L’auteur à succès Laurent Mauvignier publie Continuer aux éditions de minuit. L’ouvrage faisait partie de la sélection du prix du roman étudiant France Culture-Télérama pour cette année 2016. Il a terminé en troisième position dans les votes, derrière l’astucieux L’autre qu’on adorait de Catherine Cusset (notre article) et après l’impressionnant lauréat, Gaël Faye, pour son déchirant Petit Pays (notre article). Zone critique revient pour vous sur cette attendrissante, et bien méritée, médaille de bronze.

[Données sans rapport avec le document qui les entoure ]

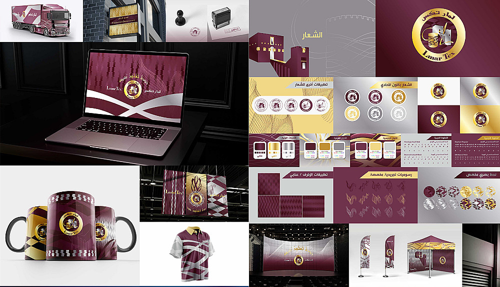تصميم هوية بصرية متكاملة تتضمن بشكل اساسي (الشعار، الخطوط، الالوان، الانماط البصرية الزخرفية) كنظام بصري متكامل،

Laurent Mauvignier publie pour la première fois en 1999 son roman Loin d’Eux. Depuis, nombre de ses livres ont obtenu d’illustres prix littéraires. Il est même, depuis 2010, chevalier de l’ordre des arts et des lettres, qui récompense ainsi sa riche production. Ecrire à partir de faits réels n’est pas une habitude étrangère à Laurent Mauvignier et Continuer ne déroge pas à la règle. L’intrigue du roman est originale : Sibylle voit son fils Samuel prendre le chemin de la délinquance. Parallèlement, elle considère sa propre vie comme une succession d’échecs. Afin de les réparer tous deux, elle imagine un projet fou : emmener son fils plusieurs mois au Kirghizistan. Cette idée singulière est née dans l’esprit de l’auteur grâce à un article du Monde, publié le 30 août 2014 par Pascale Krémer. Dans ce dernier, intitulé « Au Kirghizistan, la chevauchée initiatique d’un père et son fils », un certain Renaud emmène son fils Tom au pays des chevaux pendant trois mois, dans le but de renouer avec celui-ci, qui commençait à mal tourner.
Un voyage intérieur
Son écriture sobre, dépouillée, et pourtant magnétique et incantatoire, fait exister de saisissants tableaux.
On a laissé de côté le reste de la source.